Erschreckend finde ich, dass die Piraten weder einen Mindestlohn fordern, noch den Abzug der Bundeswehr aus Afghanistan, noch eine Position zum Atomausstieg hat. Und das soll eine linke Partei sein? Tut mir Leid, ernst nehmen kann ich eine Partei, die bei solch fundamental wichtigen Zukunftsfragen keine eindeutigen Ziele verfolgt, nicht.
Und wie ist es nun um die Kernthemen der Piraten bestellt? Mehr Datenschutz? Bin ich dafür. Keine staatliche Kontrolle der Internetnutzung, keine Internet-Zensur? D’accord. Aber was ist mit dem Urheber- und Patentrecht? Die Forderungen zum Patentrecht im Wahlprogramm könnte ich so alle unterschreiben. Sie gehen aber nicht besonders weit. Im Freitag stellte ein Experte neulich die Frage, warum es überhaupt ein Patentrecht gebe, da das Urheberrecht auch für Produkterfindungen völlig ausreiche.

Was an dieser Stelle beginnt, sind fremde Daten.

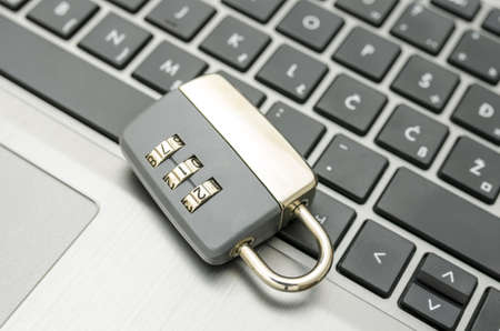 closed padlock on the laptop keyboard data protection concept internet censorship. High quality photo
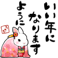 着物を着た女の子ウサギが2023年を祝うスタンプです。お正月の年賀状替わりにどうぞ。シンプルな新年あいさつや敬語もあるので友達家族仕事上司先輩なんでもどうぞ。
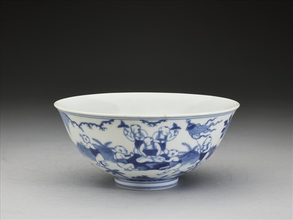 侈口窄唇,深壁,矮圈足。碗內樸素無紋飾,碗外壁繪夏日庭院嬰戲圖,襯以圍欄、樹石、花卉、雲層。十四孩童分隔成二組畫面,一組穿肚兜赤膊,一組穿衫褲。孩童頭部只以青料線勾繪無渲染。口足加飾青線六道。底有青花書「大明成化年製」六字二行楷款,外加雙圈。
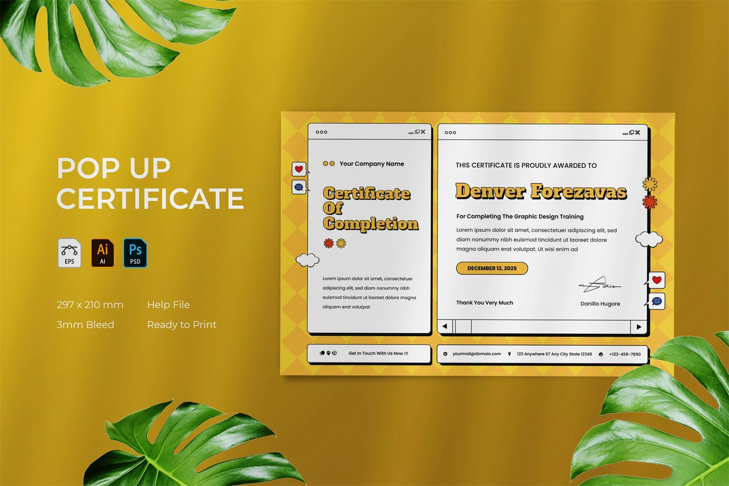 Get it now!, Use this Certificate Template in your business, such as your company or institution in completing coursework, training or work, It can also be used for, awards, academies, fashion, photography, food, lifestyle, architecture, etc. Cheers ..
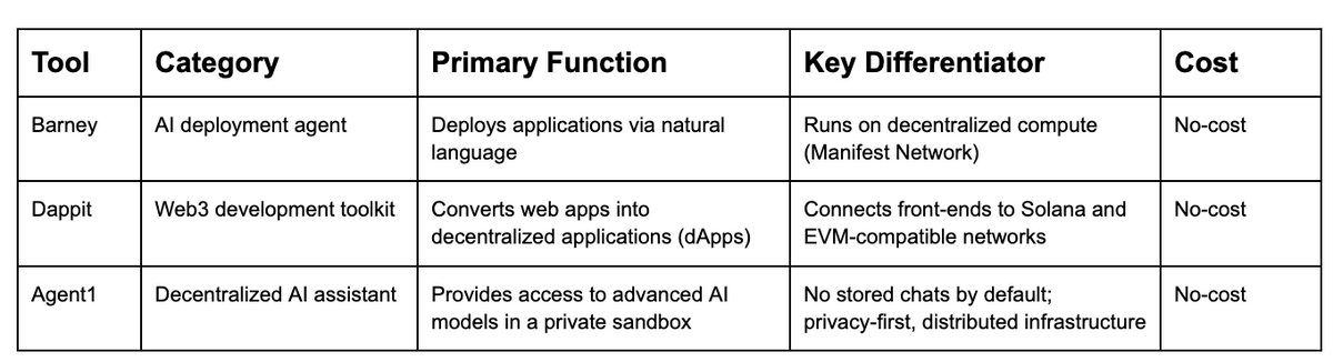 Decentralized architecture is becoming increasingly relevant as developers seek alternatives to centralized cloud providers and data-dependent AI systems. By distributing compute, reducing single points of failure, and prioritizing user control, these systems offer a more resilient and privacy-aligned foundation for modern applications. Tools like Barney, Dappit, and Agent1 reflect a broader move toward freely accessible infrastructure, lowering the barrier to entry for developers exploring AI-native and decentralized workflows.
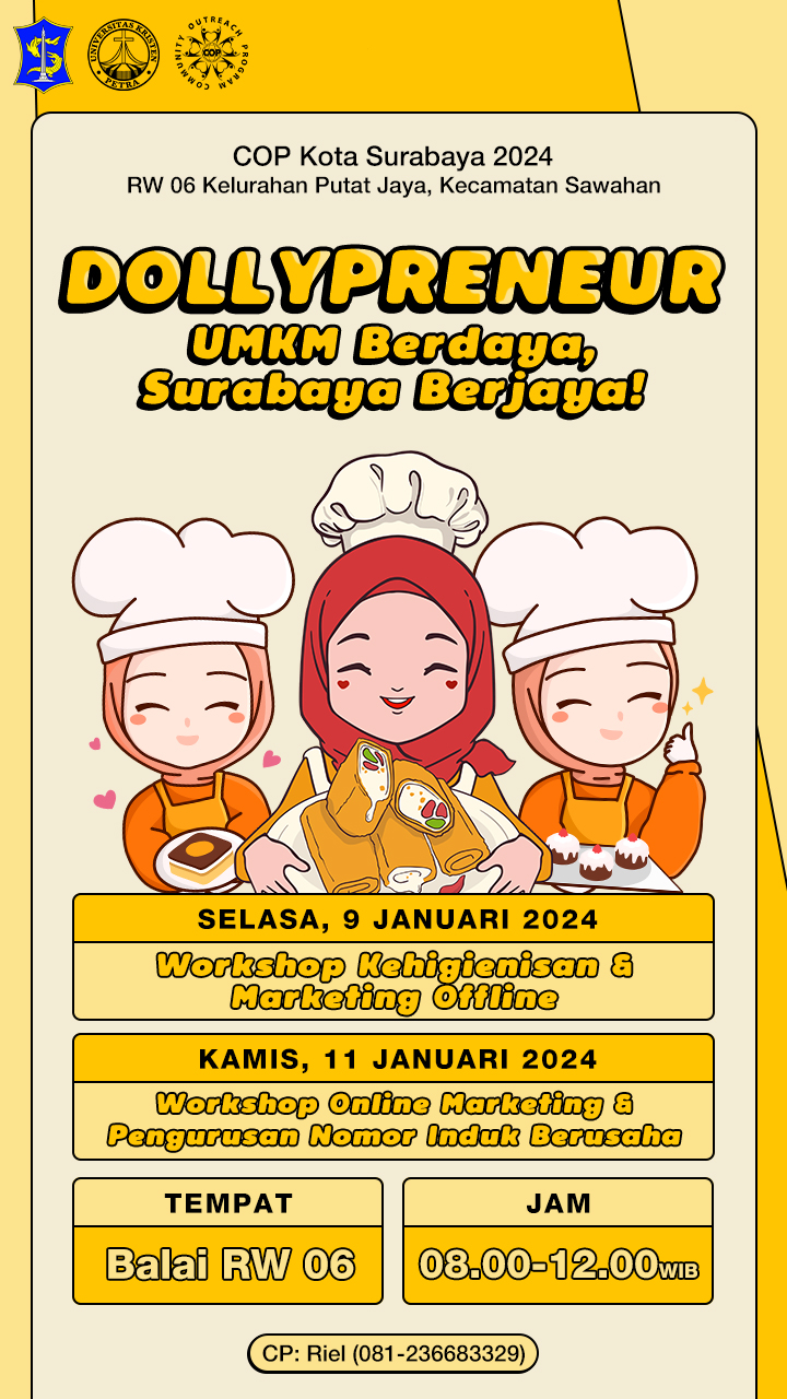 Lembaga Penelitian dan Pengabdian kepada Masyarakat melalui COP tahun 2024, mengadakan workshop dan pelatihan UMKM kepada warga RW 06 kelurahan Putat Jaya, Sawahan Surabaya. Workshop dilaksanakan pada tanggal 9 dan 11 Januari 2024 jam 08.00 - 12.00 WIB.
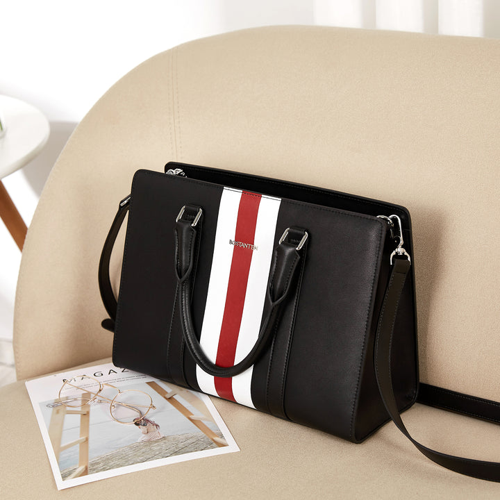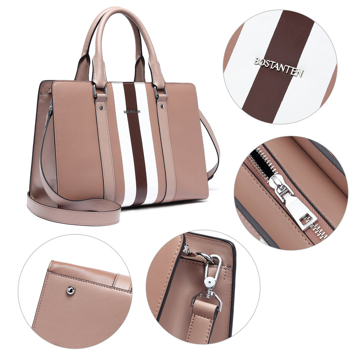 • Elegant Design :Pure color matching stripe pattern, Embelish with durable silver hardware and tonal logo. Elegant and stylish purse in medium satchel style , suitable for more life scenarios. Best feminine options to gift in special holiday.

Und wie will die Partei nun eigentlich das Urheberrecht reformieren? Das scheint sie irgendwie selbst noch nicht so genau zu wissen. Diesen Eindruck hatte ich zumindest, als ich den entsprechenden Abschnitt in ihrem Wahlprogramm durchlas. Da werden insgesamt viele richtige Feststellungen über die derzeitige und zukünftige Lage der Musik- und ähnlicher kreativer Industrien gemacht, aber wenig Antworten gegeben, wie das Urheberrecht denn nun den neuen technischen Möglichkeiten angepasst werden soll.
Begrenzung der Verwertungsrechte auf den Zeitraum bis zum Tod des Künstlers? Ok, sicher sinnvoller als die Regelung mit den 70 Jahren. Aber es ist doch etwas wohlfeil zu schreiben, wir fordern auf, neue Geschäftsmodelle zu suchen, die den Künstlern erlauben, mit ihren Werken Geld zu verdienen. Es wäre doch wohl Aufgabe der Partei, selbst einen gesetzlichen Rahmen vorzuschlagen, innerhalb dessen eben dies möglich ist. Was ist z.B. mit der Kulturflatrate? Dazu steht auf der Webseite der Piraten nur:
„Unter anderem wird die Idee der „Kulturflatrate“ diskutiert. Zusätzlich bieten Konzerte, Fanartikel, Spenden und staatliche Kunstförderung weitere Einnahmemöglichkeiten.“
Mit anderen Worten: Die Partei scheint sich selbst noch nicht einig zu sein, ob sie eine Kulturflatrate unterstützt oder nicht. In so einer essentiellen Frage hat die selbst ernannte Internet-Partei also keine Meinung. Ein Armutszeugnis. Und das nun beispielsweise alle Künstler, die bisher von Tantiemen ihrer Plattenverkäufe und Musikdownloads leb(t)en, in Zukunft ihren Lebensunterhalt von Spenden und staatlicher Förderung bestreiten sollen, ist ja wohl ein schlechter Witz. Richten wir dann eine zentrale staatliche Förderstelle ein, die wie einstmals die Plattenfirma Amiga in der DDR entscheidet, welche Band förderungswürdig ist und welche nicht? Außerdem scheint mir das Programm in diesem Abschnitt nicht ganz schlüssig zu sein: Einerseits soll jeder Künstler selbst entscheiden dürfen, unter welcher Lizenz er seine Werke veröffentlichen will, andererseits soll jeder Bürger das Recht zum freien Kopieren aller Werke haben (auch übers Internet?). Und wenn der Künstler nicht will, dass sein Werk kostenlos kopiert und weitergegeben wird?
Hinter dem ganzen hippen Auftreten scheint scheint mir bis jetzt noch nicht allzu viel Substanz zu stecken. Von einer ernstzunehmenden politischen Alternative ist diese Partei jedenfalls noch ziemlich weit entfernt.